Take the lines below between the one holding "Bodo Kox nie" and the one holding "- Un grand garage, une", inclusive, and copy them exactly. Add nothing.

Recorded information:
⁂

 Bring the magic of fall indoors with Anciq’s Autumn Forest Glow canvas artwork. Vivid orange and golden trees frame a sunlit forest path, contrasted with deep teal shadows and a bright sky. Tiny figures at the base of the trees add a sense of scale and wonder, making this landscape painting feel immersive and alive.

⁂

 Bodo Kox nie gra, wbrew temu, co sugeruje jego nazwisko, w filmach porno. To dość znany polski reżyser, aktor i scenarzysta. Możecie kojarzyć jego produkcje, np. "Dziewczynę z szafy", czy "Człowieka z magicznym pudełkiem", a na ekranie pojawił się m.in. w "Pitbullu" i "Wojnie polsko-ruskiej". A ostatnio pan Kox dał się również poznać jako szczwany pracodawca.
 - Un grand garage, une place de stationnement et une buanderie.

⁂

Answer to this problem:
 Bodo Kox nie gra, wbrew temu, co sugeruje jego nazwisko, w filmach porno. To dość znany polski reżyser, aktor i scenarzysta. Możecie kojarzyć jego produkcje, np. "Dziewczynę z szafy", czy "Człowieka z magicznym pudełkiem", a na ekranie pojawił się m.in. w "Pitbullu" i "Wojnie polsko-ruskiej". A ostatnio pan Kox dał się również poznać jako szczwany pracodawca.
 - Un grand garage, une place de stationnement et une buanderie.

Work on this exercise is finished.